Scientific

Committee

Maribel Salas

Committee Chair, MD, DSc, MSc, FACP, former NASoP President

Executive Medical Director, Leading the Therapeutic Area of Specialty Medicine & Epidemiology at CSPV Department, Daiichi Sankyo Inc.

President of the North America Society of Pharmacovigilance, Chapter of ISOP.

Holds degrees in Medicine, Internal Medicine, Outcomes Research, Epidemiology, Clinical Epidemiology and Pharmacoepidemiology.
Adjunct Scholar at the CCEB/CPeRT, U. of Pennsylvania Perelman School of Medicine, Philadelphia, PA and Rutgers University.
Active member at the International Society of Pharmacoepidemiology (ISPE) and ISoP. Active member of ISPE GDC including the RIGs at Brazil, Latin American and African regions.
Experience in academia (U. of Alabama at Birmingham) and industry (Clinical Safety and PV at  AZ, Pfizer, Merck and DSI).
Published >100 scientific articles in peer-reviewed journals and has >800 citations in the scientific literature.

Omar Aimer

Local Organizing Committee Chair, PharmD PhD, NASoP President

Safety Officer, and is based in Montreal, Canada. He is an Executive Committee member and Treasurer of the International Society of Pharmacovigilance (ISoP), Leader of the Medical Device Safety – Special Interest Group (SIG) and serves on the NASoP Executive Committee as the Coordinator of Membership.

He previously held leadership roles in pharmaceutical companies in Europe and Canada. He holds a Degree in Pharmacy and PhD in Pharmacology from Algiers University, Algeria and a Master in Pharmacovigilance and Drug Safety from Paris Descartes University, France.

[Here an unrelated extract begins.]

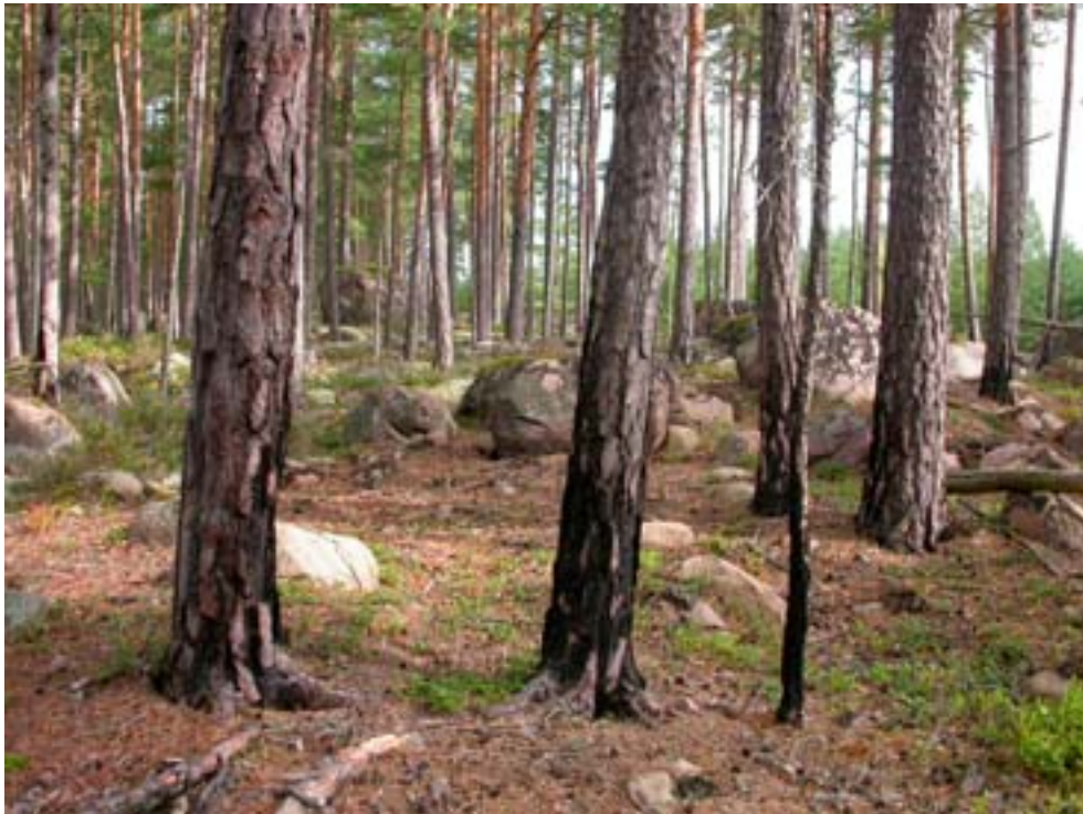
Nyligen spontan brunnen tallskog i Hornsö, Kalmar län. En av de viktigaste värdeattraktionerna för brand och vedlevande insekter i sydöstra Sverige. Foto: Magnus Nilsson, 2004.

Det har även brunnit på många håll i södra Sverige. Intressanta regioner finns t.ex. i nordvästra Götaland, hela Svealand och inte minst i östra Götaland. Statistik visar att det finns synnerligen brandbenägna regioner i Kalmar- och Östergötlands län. Blixten tänds eld på skogen fyra gånger så ofta här som i norra Sverige. Det är också främst i den torra sydöstra delen av Sverige som de verkligt brandberoende växterna, t.ex. brandnäva och svedjenäva har sin starkaste utbredning i Sverige. Kunskapen om bränders och brandberoende arters utbredning behöver i många fall förbättras, för att kunna prioritera och koncentrera insatserna. Tallhedar på sedimentmark t.ex. är ovanligare och bör särskilt prioriteras.

Omar has presented in multiple scientific forums with interest in new technologies and the improvement of pharmacovigilance around the world.

Bruce Carleton

Bruce Carleton

University of British Columbia UBC

Professor  and Chair of the Division of Translational Therapeutics in the Department of Pediatrics, Faculty of Medicine, University of British Columbia (UBC) and founder of the MedSafe Clinics at British Columbia Children’s and St. Paul’s Hospitals in Vancouver, Canada. He is also a Senior Clinician Scientist at the BC Children’s Hospital Research Institute and runs the Canadian Pharmacogenomics Network for Drug Safety, a Canadian and international pharmacovigilance network devoted to the study of the biological mechanisms of serious adverse drug reactions and vaccine adverse events. He holds additional faculty appointments at UBC in the Department of Medical Genetics, School of Population and Public Health, Centre for Health Services and Policy Research and the Faculty of Pharmaceutical Sciences.  He is also an adjunct professor at the School of Health Information Science at University of Victoria. 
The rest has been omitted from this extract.